Cela signifie que le rôle principal du système de l’orexine n’est pas de contrôler la quantité d’exercice ou de nourriture des souris, mais plutôt, selon les chercheurs, de jouer un rôle central dans la décision entre l’une et l’autre option lorsque les deux sont disponibles.
Sans orexine, la décision était clairement en faveur du milkshake, et les souris renonçaient à l’exercice au profit de la nourriture.
Ce que cela signifie pour l’homme
Les chercheurs de l’ETH supposent que l’orexine pourrait également être responsable de cette décision chez l’homme, les fonctions cérébrales impliquées étant connues pour être pratiquement les mêmes chez les deux espèces.
Selon Daria Peleg-Raibstein, chef de groupe à l’ETH Zurich, qui a dirigé l’étude avec Denis Burdakov, la prochaine étape consistera à vérifier ces résultats chez l’homme.
Pour ce faire, on pourrait examiner des patients dont le système d’orexine est restreint pour des raisons génétiques, ce qui est le cas d’environ une personne sur deux mille.
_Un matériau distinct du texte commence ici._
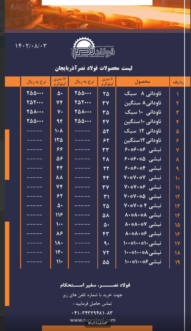💠 گروه کارخانجات #فولاد_نصر_آذربایجان 📌تولید کننده انواع ناودانی ، نبشی و تیرآهن با استاندارد های روز دنیا 📌صادر کننده نمونه استانی #جهت_مشاهده_پروفایل_فولاد_نصر_آذربایجان👇🏻 📌https://foolad24.com/profile/12247 #جهت_مشاهده_اعلام_موجودی_فولاد_نصر_آذربایجان https://foolad24.com/profile/12247/inventory 📍آدرس کارخانه : تبریز ، جاده آذرشهر ، شهرک صنعتی سلیمی 📌تلفن های دپارتمان فروش: ☎️04134329481 ☎️04134329482 ☎️04134329483 📱09129308689 📱09144199362 🆔https://t.me/NasrsteelAZ 📌https://www.instagram.com/nasrsteel 🌐nasrsteel.com

Ces personnes souffrent de narcolepsie (un trouble du sommeil). Une autre possibilité serait d’observer des personnes qui reçoivent un médicament qui bloque l’orexine.
Ces médicaments sont approuvés pour les patients souffrant d’insomnie.
En comprenant comment le cerveau assure la médiation entre la prise alimentaire et l’activité physique, les chercheurs affirment que des stratégies plus efficaces peuvent être développées pour lutter contre l’épidémie mondiale d’obésité et les troubles métaboliques qui y sont associés.
En particulier, des interventions pourraient être mises au point pour aider à surmonter les obstacles à l’exercice physique chez les personnes en bonne santé et celles dont l’activité physique est limitée.
Cependant, M. Burdakov souligne qu’il s’agit là de questions importantes pour les scientifiques impliqués dans la recherche clinique sur l’homme.
Lui et son groupe se consacrent à la recherche fondamentale en neurosciences.
Il souhaite ensuite découvrir comment les neurones à orexine interagissent avec le reste du cerveau lorsqu’il s’agit de prendre des décisions telles que celle de faire de l’exercice ou de grignoter.